(Data begins)

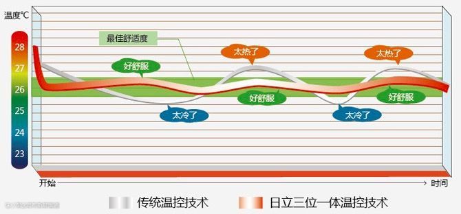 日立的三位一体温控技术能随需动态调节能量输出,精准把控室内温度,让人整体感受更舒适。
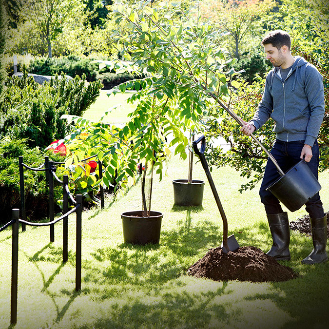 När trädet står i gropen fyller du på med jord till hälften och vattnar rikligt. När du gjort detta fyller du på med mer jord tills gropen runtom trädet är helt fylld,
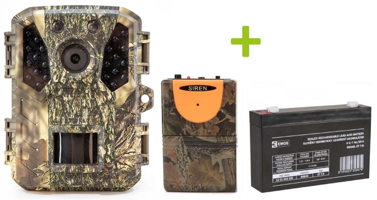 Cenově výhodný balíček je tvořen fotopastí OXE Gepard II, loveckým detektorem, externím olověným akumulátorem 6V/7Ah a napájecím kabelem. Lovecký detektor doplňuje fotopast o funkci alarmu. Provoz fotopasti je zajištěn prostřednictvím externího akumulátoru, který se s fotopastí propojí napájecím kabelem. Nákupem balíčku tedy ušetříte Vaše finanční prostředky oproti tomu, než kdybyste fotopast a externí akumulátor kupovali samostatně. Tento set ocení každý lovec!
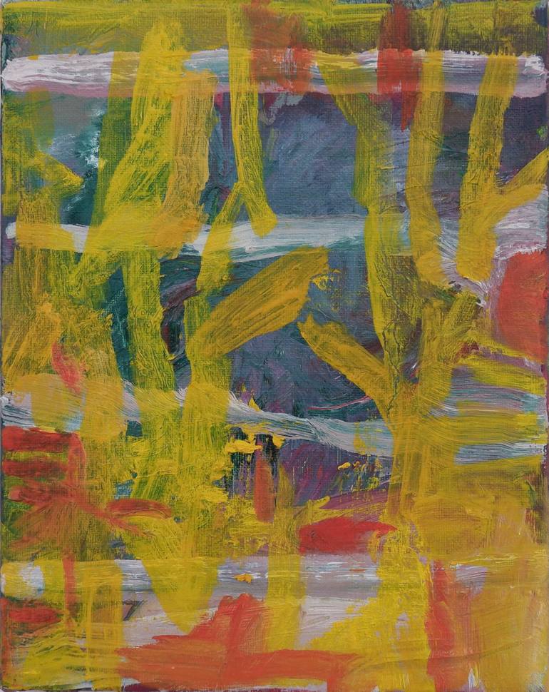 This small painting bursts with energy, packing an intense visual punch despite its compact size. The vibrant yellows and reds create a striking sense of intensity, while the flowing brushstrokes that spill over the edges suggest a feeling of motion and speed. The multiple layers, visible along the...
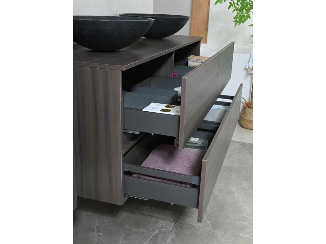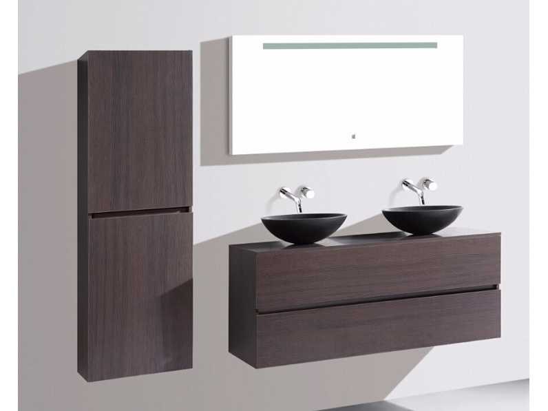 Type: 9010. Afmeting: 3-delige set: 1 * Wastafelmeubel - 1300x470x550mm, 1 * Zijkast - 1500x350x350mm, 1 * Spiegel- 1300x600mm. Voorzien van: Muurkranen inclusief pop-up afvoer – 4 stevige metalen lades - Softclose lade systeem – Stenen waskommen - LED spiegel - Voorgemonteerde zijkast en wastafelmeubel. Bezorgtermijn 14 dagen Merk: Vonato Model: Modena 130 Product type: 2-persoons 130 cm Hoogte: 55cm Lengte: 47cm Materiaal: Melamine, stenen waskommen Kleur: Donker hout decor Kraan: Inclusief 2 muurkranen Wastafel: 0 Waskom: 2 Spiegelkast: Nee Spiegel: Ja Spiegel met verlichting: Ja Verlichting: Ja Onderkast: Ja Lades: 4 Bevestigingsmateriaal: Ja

(Data ends)

Description of the task:
Write out the lines that run from the line containing "This small painting" to the end of the entries, inclusive, exactly as written. Skip every picture.

Response area:
 This small painting bursts with energy, packing an intense visual punch despite its compact size. The vibrant yellows and reds create a striking sense of intensity, while the flowing brushstrokes that spill over the edges suggest a feeling of motion and speed. The multiple layers, visible along the...
 Type: 9010. Afmeting: 3-delige set: 1 * Wastafelmeubel - 1300x470x550mm, 1 * Zijkast - 1500x350x350mm, 1 * Spiegel- 1300x600mm. Voorzien van: Muurkranen inclusief pop-up afvoer – 4 stevige metalen lades - Softclose lade systeem – Stenen waskommen - LED spiegel - Voorgemonteerde zijkast en wastafelmeubel. Bezorgtermijn 14 dagen Merk: Vonato Model: Modena 130 Product type: 2-persoons 130 cm Hoogte: 55cm Lengte: 47cm Materiaal: Melamine, stenen waskommen Kleur: Donker hout decor Kraan: Inclusief 2 muurkranen Wastafel: 0 Waskom: 2 Spiegelkast: Nee Spiegel: Ja Spiegel met verlichting: Ja Verlichting: Ja Onderkast: Ja Lades: 4 Bevestigingsmateriaal: Ja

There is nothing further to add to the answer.